Policymakers must put in place transformative policies in line with sustainable fisheries management and that support innovation and private sector investments. Consumers must shift their consumption patterns towards socially responsible and environmentally sustainable seafood by looking for example for Aquaculture Stewardship Council, Marine Stewardship Council or Fair Trade certified seafood. Investors must take a long term and holistic view of returns on investment and adopt responsible investment principles. The High-Level Panel for a Sustainable Ocean Economy estimated in a recent report that the costs of transforming the ocean-based based food system (which exclude freshwater seafood production) over the next 30 years would be $796 billion, generating a net return on investment of $6,7 trillion. Seafood companies can invest in innovations in the aquaculture sector such as feed and production systems, electronic traceability systems, implement robust due diligence processes to mitigate risks of human rights abuse and illegal fishing practices, supporting small-scale producers’ access to markets and ensuring decent working conditions.
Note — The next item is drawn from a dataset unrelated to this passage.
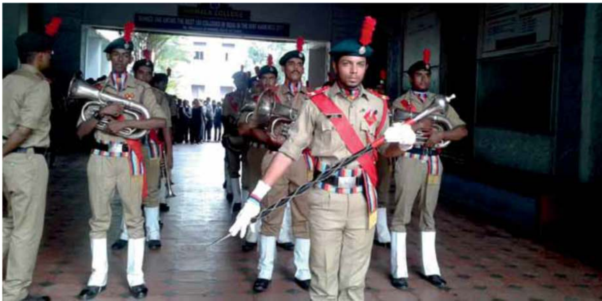
Band Training To Differently Abled Pupil At Nirmala Sadan

With an aim to impart vocational training to the differently-abled, the NCC team of nirmala college gave training to differently abled children of nirmala sadan, a special school nearby. The cadets taught the children very patiently and the pupils of nirmala sadan enjoyed it very well. The key objective of the programme is to ensure employment for the differently-abled and providing them with economic independence.

Moreover, seafood companies can play an important role in advocating for reform and policies that support those transformations.

The COVID-19 crisis has further emphasized major weaknesses in the resilience and robustness of our (sea)food systems and its ability to meet global needs, especially those of the most vulnerable communities. In the seafood sector, fishing activities have reduced in both the industrial and artisanal sectors, severely reducing income, especially for workers. Supply chains have been disrupted, limited the ability of producers to sell their products. The demand for seafood from certain sectors (e.g. tourism, restaurants and hotels drastically reduced) and processing operations have been affected by worker health and labour shortages. Informal supply chains are facing even great impacts on the lack of formal contracts. As in other sectors, the COVID-19 crisis provides an opportunity to rethink how to create a sustainable future for the seafood sector.

As we head towards the UN Food System Summit in 2021, let’s make sure we fully integrate the role of the seafood sector in building a sustainable food future that works for all.